(Data extract)
————————

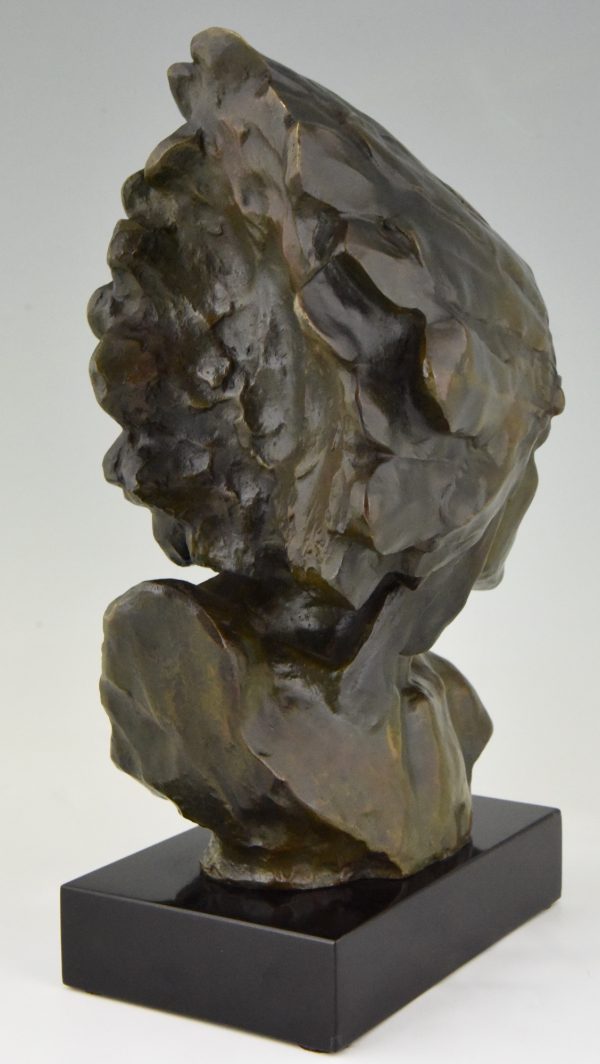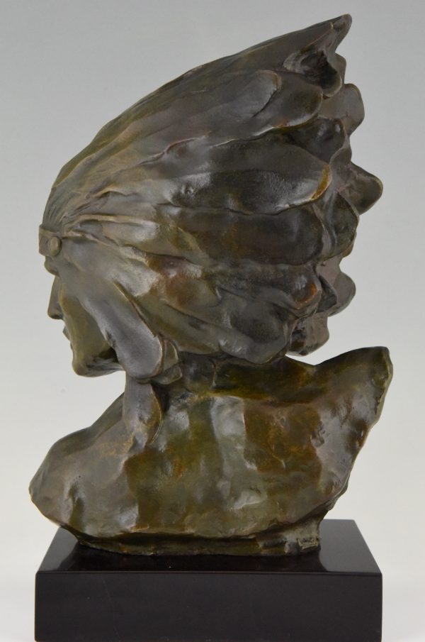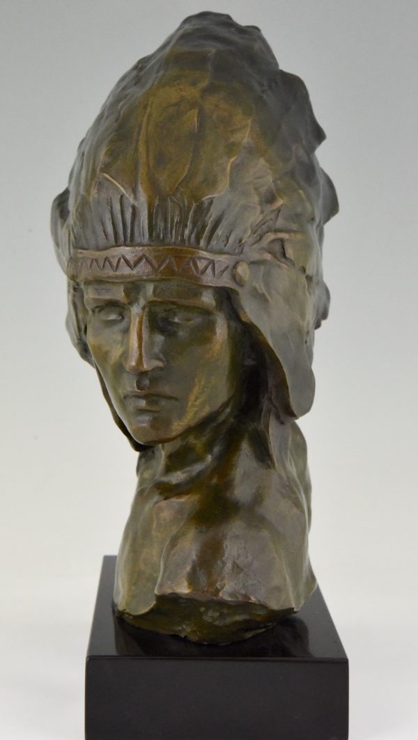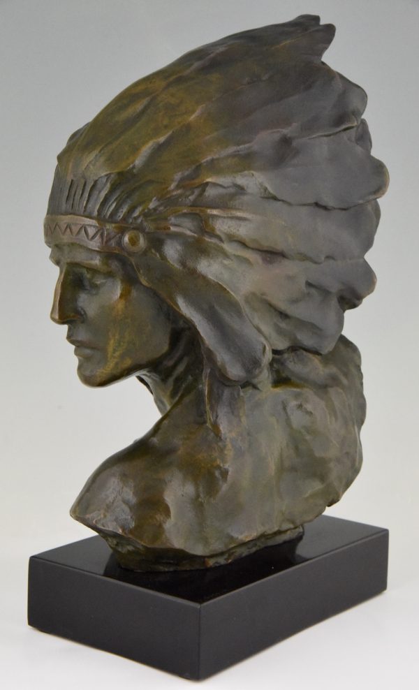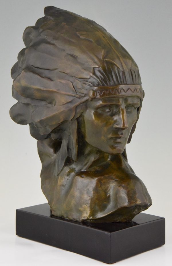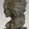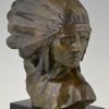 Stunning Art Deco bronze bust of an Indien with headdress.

————————

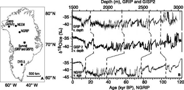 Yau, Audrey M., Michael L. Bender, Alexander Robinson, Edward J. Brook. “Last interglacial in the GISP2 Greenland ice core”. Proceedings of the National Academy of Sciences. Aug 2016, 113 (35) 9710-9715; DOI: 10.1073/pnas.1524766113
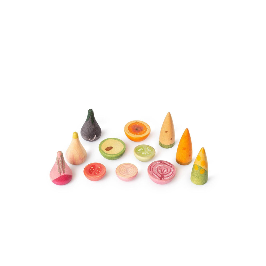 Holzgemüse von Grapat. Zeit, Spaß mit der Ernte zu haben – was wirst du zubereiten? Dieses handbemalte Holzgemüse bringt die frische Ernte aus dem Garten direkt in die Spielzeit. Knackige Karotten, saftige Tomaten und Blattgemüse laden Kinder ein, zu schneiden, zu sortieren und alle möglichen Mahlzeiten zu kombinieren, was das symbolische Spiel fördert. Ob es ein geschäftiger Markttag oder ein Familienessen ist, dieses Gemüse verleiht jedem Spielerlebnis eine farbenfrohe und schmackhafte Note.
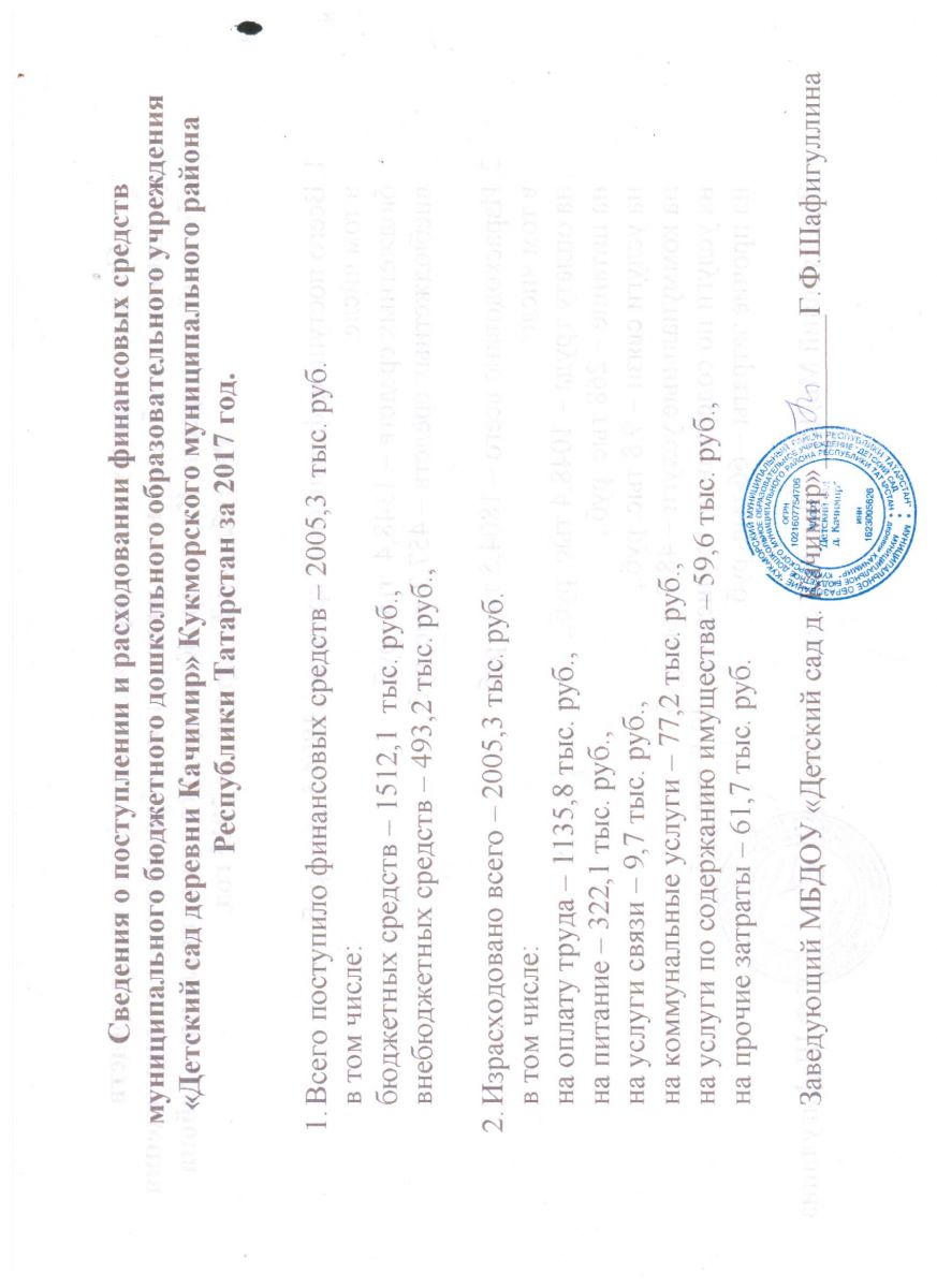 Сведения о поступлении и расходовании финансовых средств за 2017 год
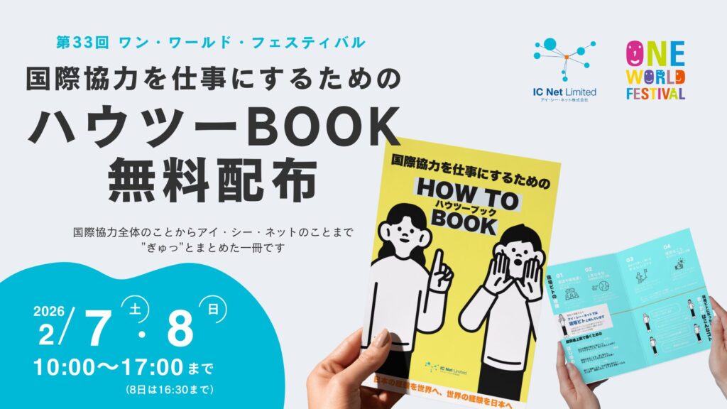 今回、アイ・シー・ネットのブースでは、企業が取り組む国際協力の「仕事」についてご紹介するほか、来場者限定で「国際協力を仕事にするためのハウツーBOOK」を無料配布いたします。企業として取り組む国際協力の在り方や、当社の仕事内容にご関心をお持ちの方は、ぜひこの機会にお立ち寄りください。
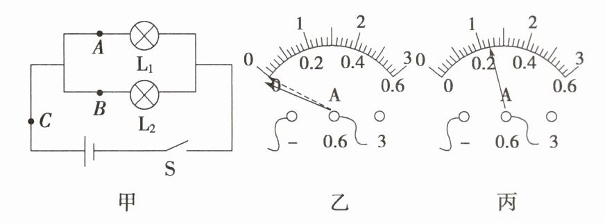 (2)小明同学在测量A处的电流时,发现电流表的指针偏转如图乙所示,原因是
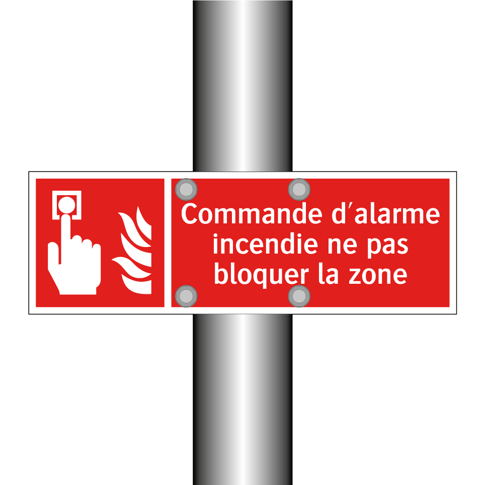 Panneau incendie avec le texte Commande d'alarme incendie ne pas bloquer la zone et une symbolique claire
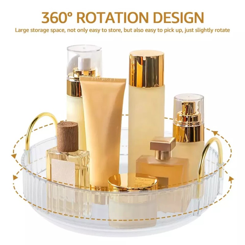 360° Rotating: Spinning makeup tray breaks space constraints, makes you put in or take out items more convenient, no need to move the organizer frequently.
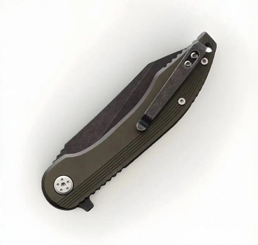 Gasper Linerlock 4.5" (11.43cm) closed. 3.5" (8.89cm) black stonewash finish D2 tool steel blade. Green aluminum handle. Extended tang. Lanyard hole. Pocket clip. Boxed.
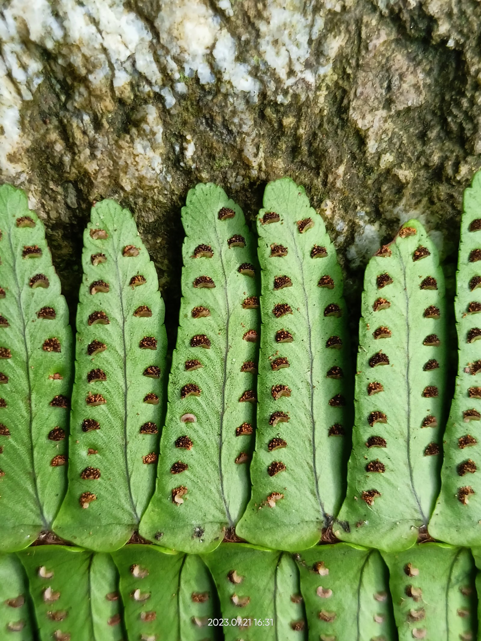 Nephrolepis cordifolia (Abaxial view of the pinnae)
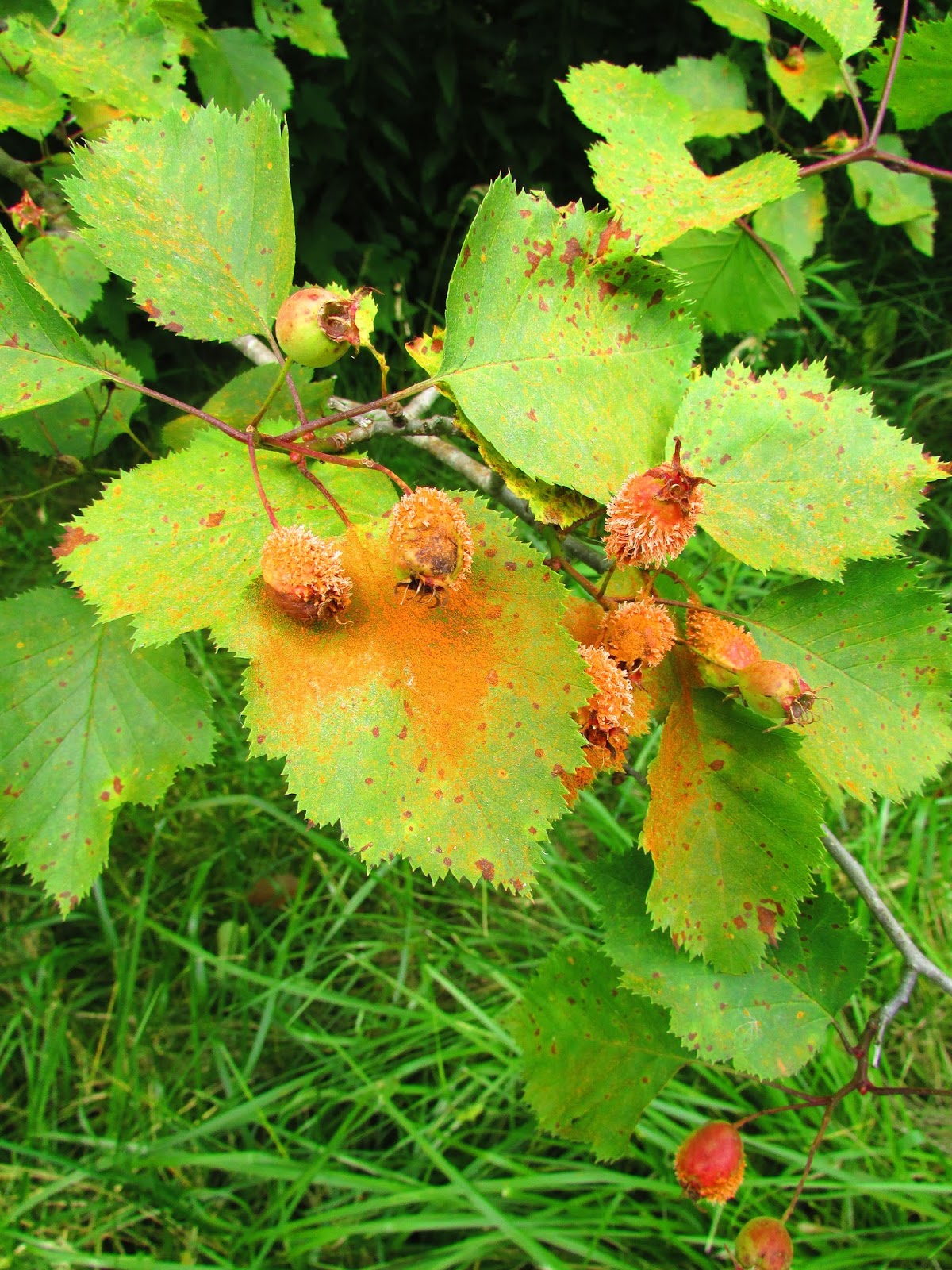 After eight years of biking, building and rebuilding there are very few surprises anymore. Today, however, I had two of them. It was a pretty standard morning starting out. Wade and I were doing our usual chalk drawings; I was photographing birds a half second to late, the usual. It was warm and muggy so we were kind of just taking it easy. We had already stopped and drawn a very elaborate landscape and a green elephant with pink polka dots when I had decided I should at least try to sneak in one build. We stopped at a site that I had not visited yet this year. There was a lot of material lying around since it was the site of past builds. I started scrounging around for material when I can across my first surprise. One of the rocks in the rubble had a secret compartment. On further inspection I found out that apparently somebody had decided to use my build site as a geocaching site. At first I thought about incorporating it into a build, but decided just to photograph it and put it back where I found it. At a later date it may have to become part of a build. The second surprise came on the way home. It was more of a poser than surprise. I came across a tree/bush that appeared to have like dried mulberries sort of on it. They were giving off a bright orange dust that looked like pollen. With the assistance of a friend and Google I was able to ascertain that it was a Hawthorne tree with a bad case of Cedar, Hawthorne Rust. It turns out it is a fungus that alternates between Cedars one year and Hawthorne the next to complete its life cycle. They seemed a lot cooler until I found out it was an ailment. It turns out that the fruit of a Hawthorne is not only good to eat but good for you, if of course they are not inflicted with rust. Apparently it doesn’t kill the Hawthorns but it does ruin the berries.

————————

(Work instruction) Among the records above, locate the line containing "(2)小明同学在测量A处的电流时,发现电流表的指针偏转如图乙所示,原因是" and the line containing "Panneau incendie avec", then transcribe exactly the lines starting at the first and ending at the second, with no pictures.

(Finished task)
 (2)小明同学在测量A处的电流时,发现电流表的指针偏转如图乙所示,原因是
 Panneau incendie avec le texte Commande d'alarme incendie ne pas bloquer la zone et une symbolique claire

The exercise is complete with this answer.